Кладовка - [55]

Шрифт
Интервал

Если наша прогулка начиналась с Новодевичьего, мы спускались к прудам, обсаженным огромными старыми ветлами, и, пройдя через бесконечные огороды, перебирались на тот берег реки. Здесь, на поросших липами отрогах Воробьевых гор, была уже не городская прохлада, и оттуда, сидя на бугорке, мы смотрели, как летний город тонул в сине-лиловых вечерних сумерках, как на фоне их вырастали оторочен­ные нарядным кружевом каменные цитадели Новодевичьего.

Если наш путь начинался с Донского, то туда мы шли так, чтобы пройти мимо усадьбы, описанной в «Первой любви» Тургенева, воспоминание о которой мне удалось лишь недавно и довольно коряво изобразить в иллюстрациях к этому роману. И я рад, что трижды в них изобразил тот прелестный мраморный фонтанчик с крылатым толстеньким эльфом, держащим над головой чашу большой раковины, который стоял в саду перед домом. От всей этой усадьбы теперь и следа не осталось.

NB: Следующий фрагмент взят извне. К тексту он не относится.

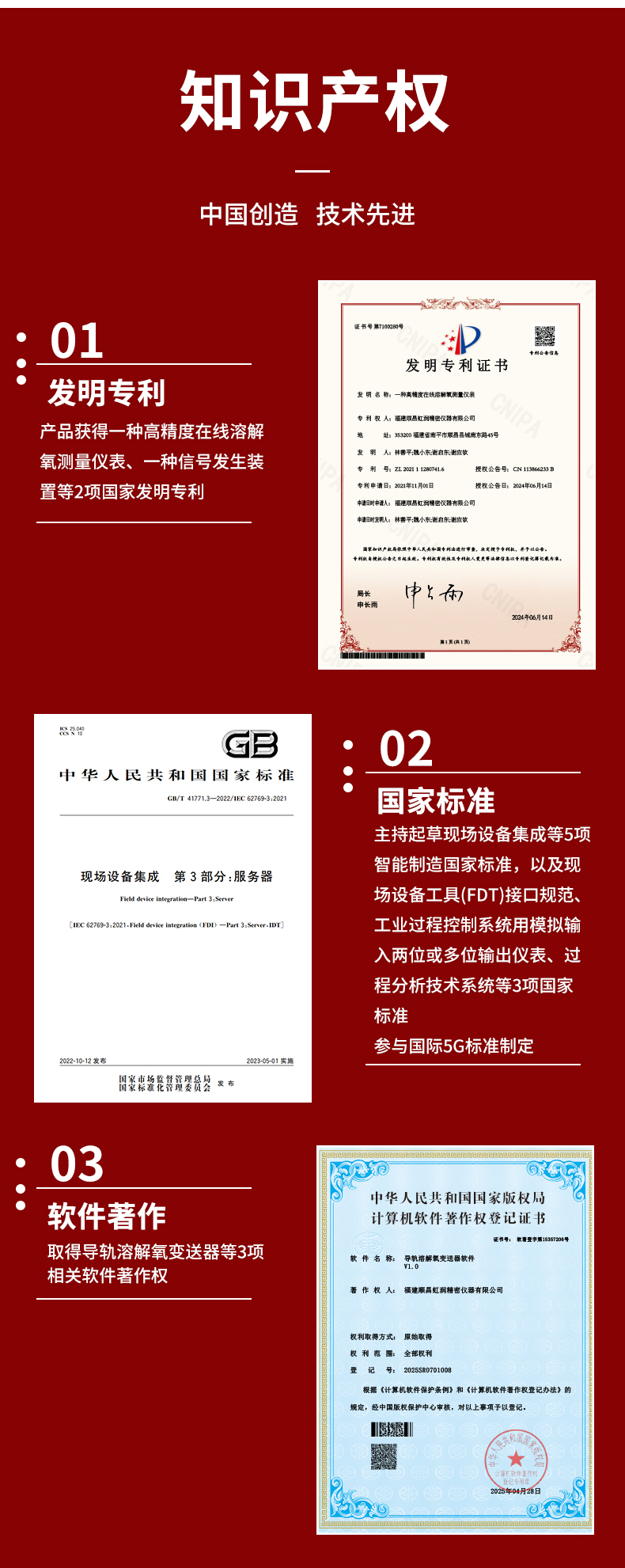 虹潤公司是專業生產水質分析儀的國家專精特新“小巨人”企業。生產的導軌式溶解氧變送器,具有測量穩定不跳字,液晶按鍵操控,變送輸出精準,寬范圍電源供電,RS485或HART通訊等特點。產品獲得一種高精度在線溶解氧測量儀表、智能化控制器、一種信號發生裝置等3項國家發明專利;主持起草現場設備工具(FDT)接口規范.,工業過程控制系統用模擬輸入兩位或多位輸出儀表、過程分析技術系統等3項國家國家標準;參與國際5G標準制定,取得導軌溶解氧變送器等3項相關軟件著作權。產品廣泛應用于實驗室、水處理、環境監測、制藥、食品、農業、工業流程控制等諸多領域

Потом мы шли через бывшие Ноевские оранжереи к Мамоновой даче и спуска­лись к реке. Если в то время в карманах у нас был свободный рубль, мы могли нанять лодку и плыть в ней по густой темной реке в направлении Крымского моста среди темноты парков и маслянистых огней набережной.

Если же нашей исходной точкой был Даниловский монастырь, то оттуда мы тоже пробирались через задворки к реке. Там местность сразу менялась, увеличивались масштабы всего, большие бугры, буераки и плоскости — все было величественно, печально и голо. Закатное солнце било нам в спину, река была широка и медленно несла тяжелые желто-оранжевые воды. На противоположном берегу на высоких, поросших травой буграх стоял, упираясь в эти бугры своими слоновьими ногами, Симонов. Самый грандиозный и монументальный из монастырей Москвы. Тот, кто первым среди равнин встречал татар и прикрывал мощью своих башен и стен Москву.

Пока мы ждали перевозчика, река становилась аметистовой, когда мы переплы­вали ее, река бледнела, и все выше вздымались к небу колоссальные башни.

Уже на том берегу, взбираясь на кручи, мы все более и более понимали слово «твердыня» и слово «история». История там казалась не дном колодца, а только что промелькнувшими сутками. Казалось, что, вглядевшись в унылую равнину москов­ского пригорода, равнину, навстречу которой гиганты башни выпятили свои гране­ные груди, ты увидишь на горизонте этой равнины пыль и в ней очертание лавины из коней и людей и услышишь те омерзительные звуки криков, гогота и присвиста - звуки, которые так плотно вошли в наше существо, что при мысли о них до сих пор содрогается наше сердце.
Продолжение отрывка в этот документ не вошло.